Studies revealed that plasma GFAP levels in patients with PDD were higher than those in HCs, PD with mild cognitive impairment (PD-MCI), and PD with normal cognition (Bartl et al. 2023; Tang et al. 2023; Lin et al. 2023; Che et al. 2024). This may indicate that GFAP is associated with the progression of dementia in PD.
Neurofilament Light Chain (NfL)
NfL in CSF (cNfL) and plasma (pNfL) is a marker for neuronal damage that may potentially be used to distinguish between clinically similar conditions, such as frontotemporal dementia from AD and PD from APS (Quadalti et al. 2021).

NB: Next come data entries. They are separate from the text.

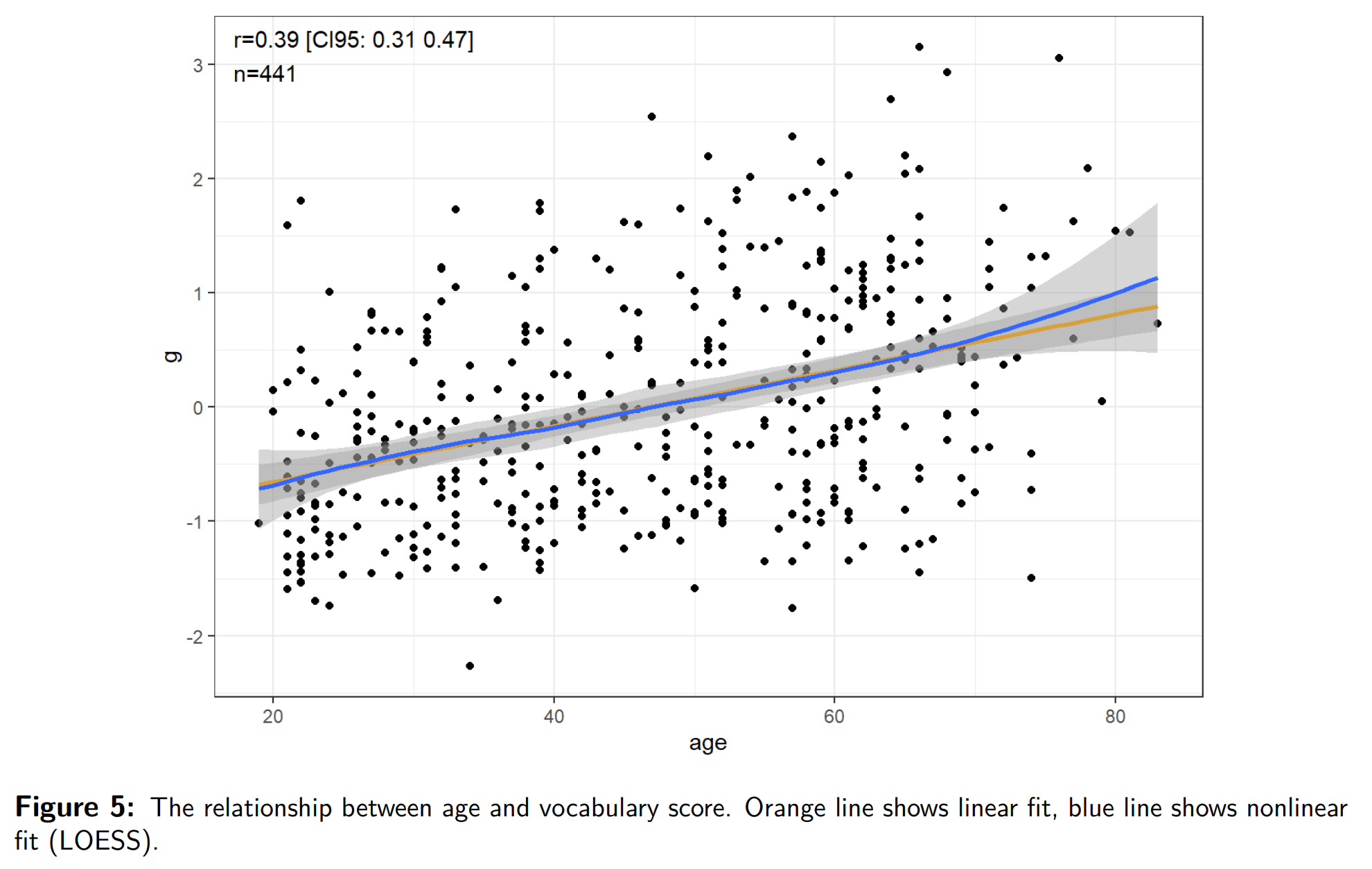 Anyway, I used the diamonds example because the dataset is cool and has a lot of data. Here’s a realistic example from one of our studies (A New, Open Source English Vocabulary Test). The scored vocabulary test (226 items) and age have this relationship:
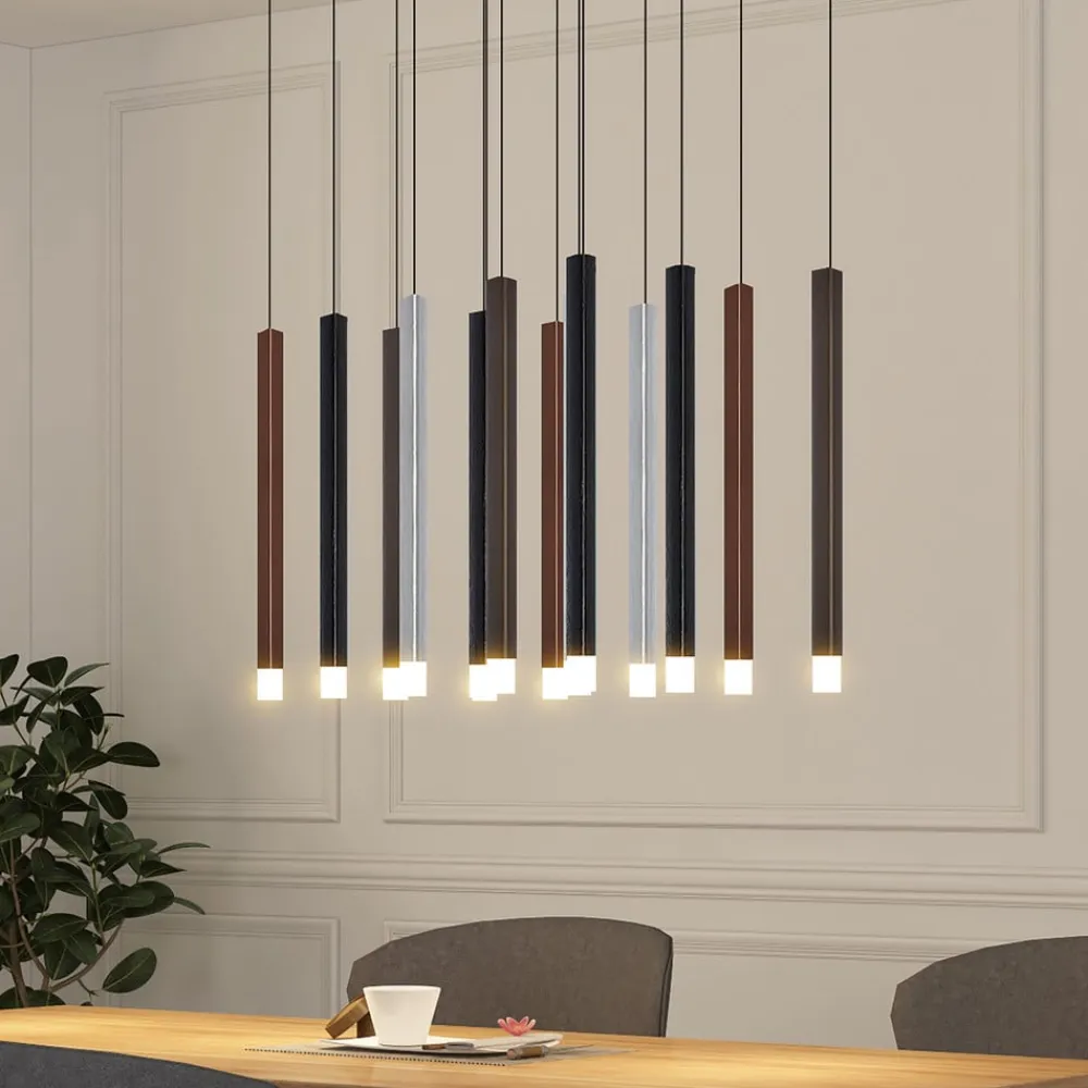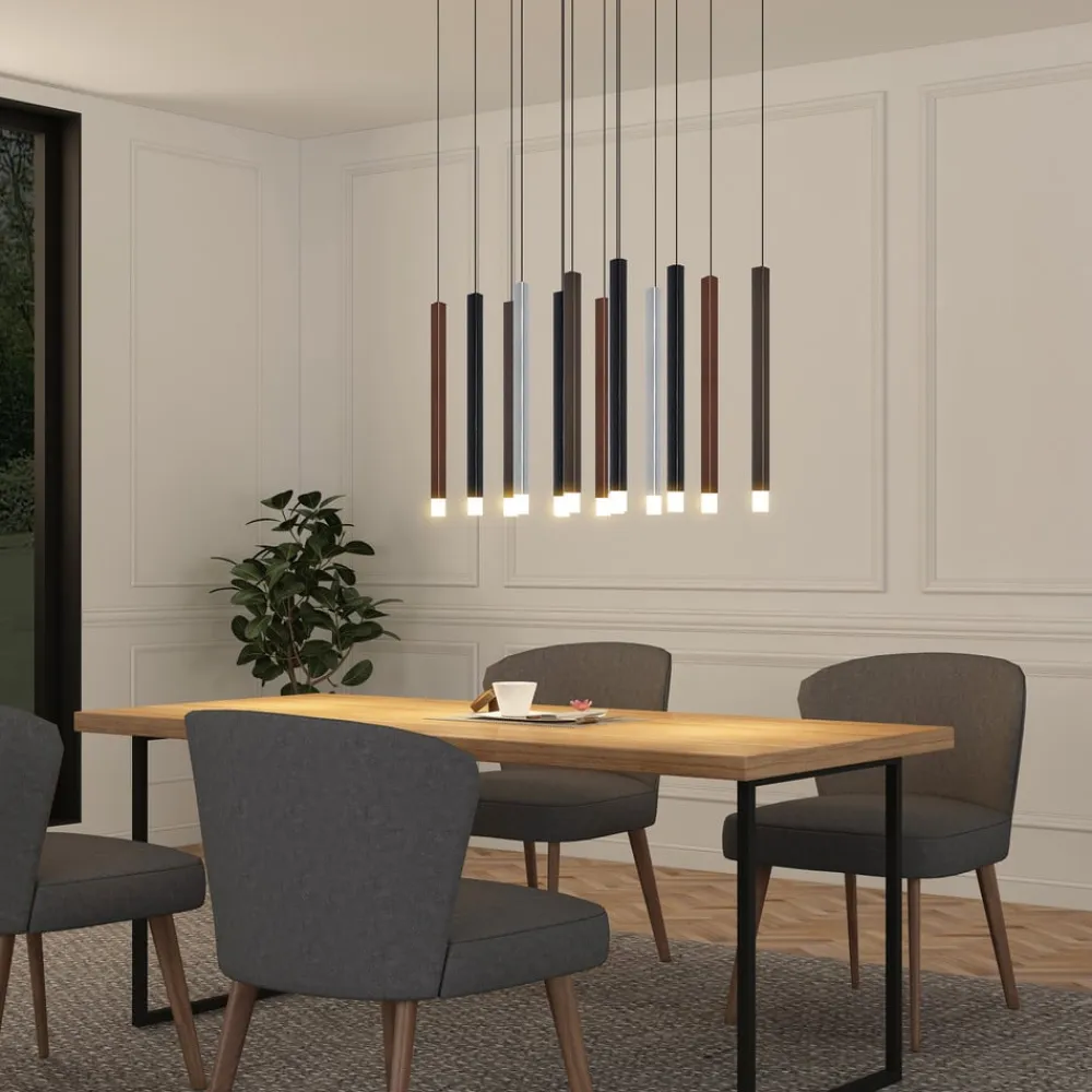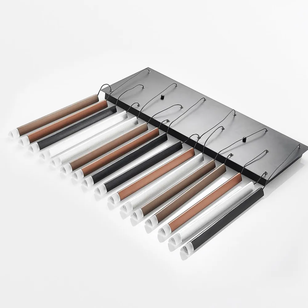 Stoika LED-pendellampe i høj kvalitet skinner i et usædvanligt design Stoika LED-pendellampen imponerer straks med sit 16-lampedesign. Loftbeslaget i mat sort fanger straks øjet med sin rektangulære form. De hængende lysstænger har fået forskellige farver, som harmonerer godt med hinanden og understreger armaturets særlige karakter. Hvis du vil bringe mere hygge ind i rummets atmosfære, kan du justere armaturets lysstyrke til dine egne behov på ingen tid. Takket være den 3-trins dæmpbare teknologi med integreret OFF-funktion kan dette armatur dæmpes til tre forskellige niveauer ved at trykke flere gange på vægkontakten: 100 %, 50 % og 10 %. IK08-slagfastheden karakteriserer Stoika som et robust armatur. 3-trins dæmp + off: Armaturet kan tændes og slukkes som normalt ved hjælp af en vægkontakt. Takket være 3-trins-dæmpningsteknologien med integreret slukfunktion kan det også dæmmes til tre forskellige lysstyrkeniveauer ved at trykke på kontakten flere gange: 100 %, 50 % og 10 %.
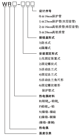 WR裝配式熱電偶基本型號
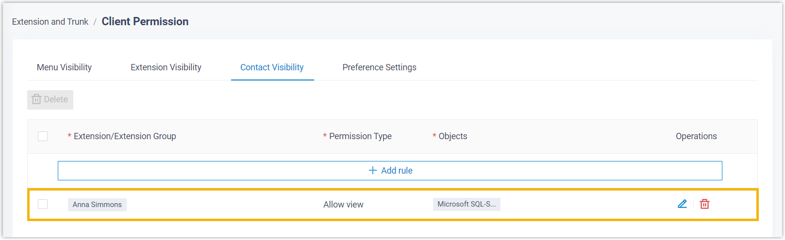 By synchronizing Microsoft SQL contacts to Cloud Voice, extension users can conveniently call these contacts from Cloud Voice App UC Clients. In addition, the system can automatically route inbound calls from Microsoft SQL contacts to the specified destinations based on phonebook matches.

Among Parkinsonian syndromes, the mean cNfL levels were higher in MSA, PSP, and CBS when compared with PD (Bridel et al. 2019).
Some studies have compared serum NfL levels in PD and ET (Hansson et al. 2017). Huang et al. (2022) reported that serum NfL concentrations in patients with PD (16.6 ± 3.5 pg/mL) were significantly higher than that in patients with ET (12.2 ± 2.4 pg/mL) and HCs (11.8 ± 2.4 pg/mL) (both p < 0.01, effect sizes = 1.47 and 1.60, respectively). When the cut-off was set at 13.65 pg/mL, the sensitivity and specificity of distinguishing between PD and ET were 76.7% and 84.1%, respectively, with an AUC of 0.854 (Fig. 3).

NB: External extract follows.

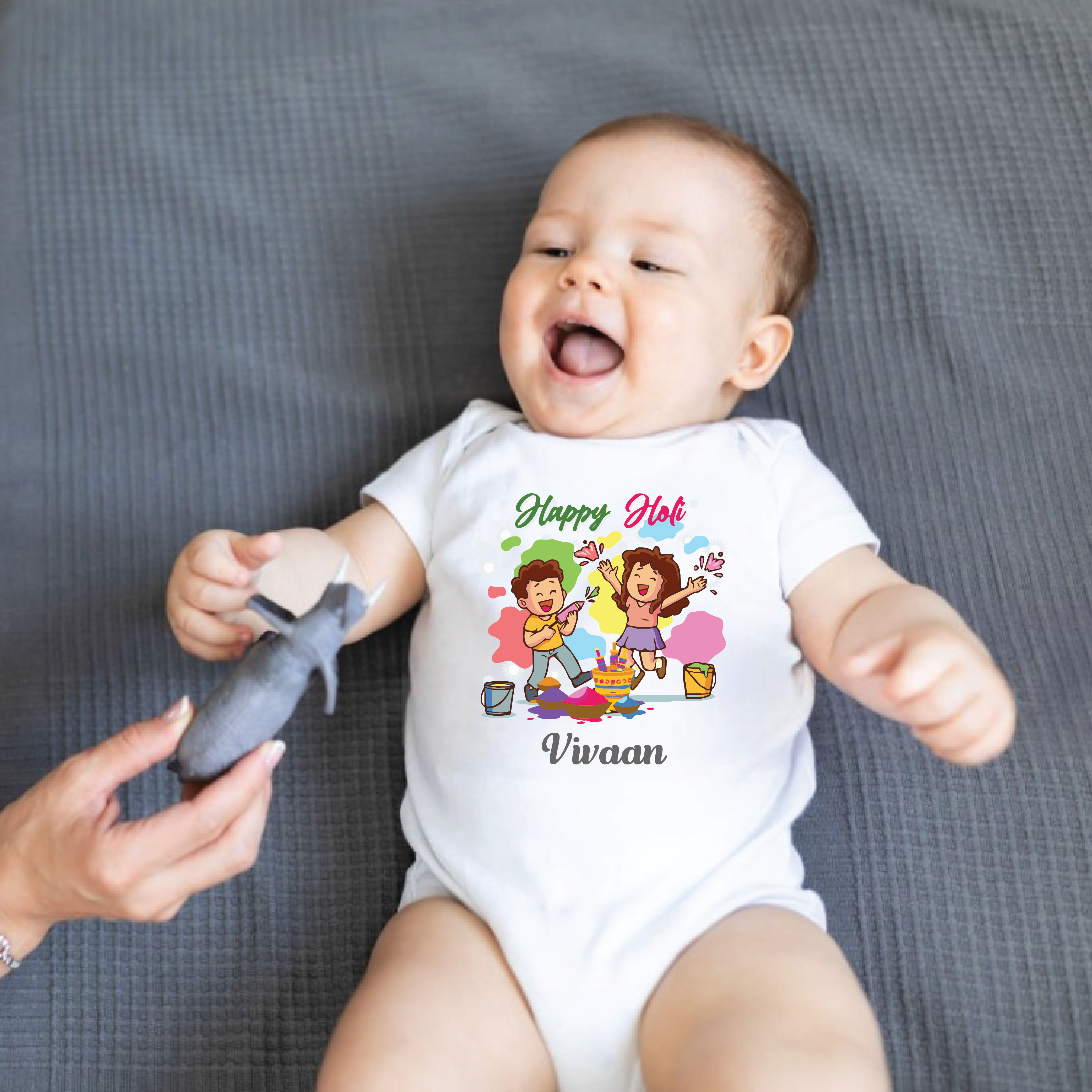 "Celebrate the festival of colors in style with our personalized Holi-themed rompers. Vibrant, playful, and perfect for every little one, these rompers bring the spirit of Holi to life with a custom touch. Bright, comfy, and ready for fun!"
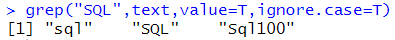 # 대소문자 구분 없이 찾고 싶을때 grep("SQL",text,value=T,ignore.case=T) |

Classic Alzheimer’s Disease (AD) Biomarkers
Amyloid-beta-Aβ42, tau protein-τT, and phosphorylated tau protein-τP-181 are classical biomarkers of AD (Sung et al. 2023). Notably, their significance in Parkinson’s syndrome has been re-recognized.
When compared to patients with PD, τT/Aβ42 ratio was increased in patients with MSA (Constantinides et al. 2017, 2021). An elevated τT/Aβ42 ratio effectively differentiated MSA from PD, with an optimal cut-off value of 0.344 that yielded a sensitivity of 0.71 and specificity of 0.93 (Constantinides et al. 2017).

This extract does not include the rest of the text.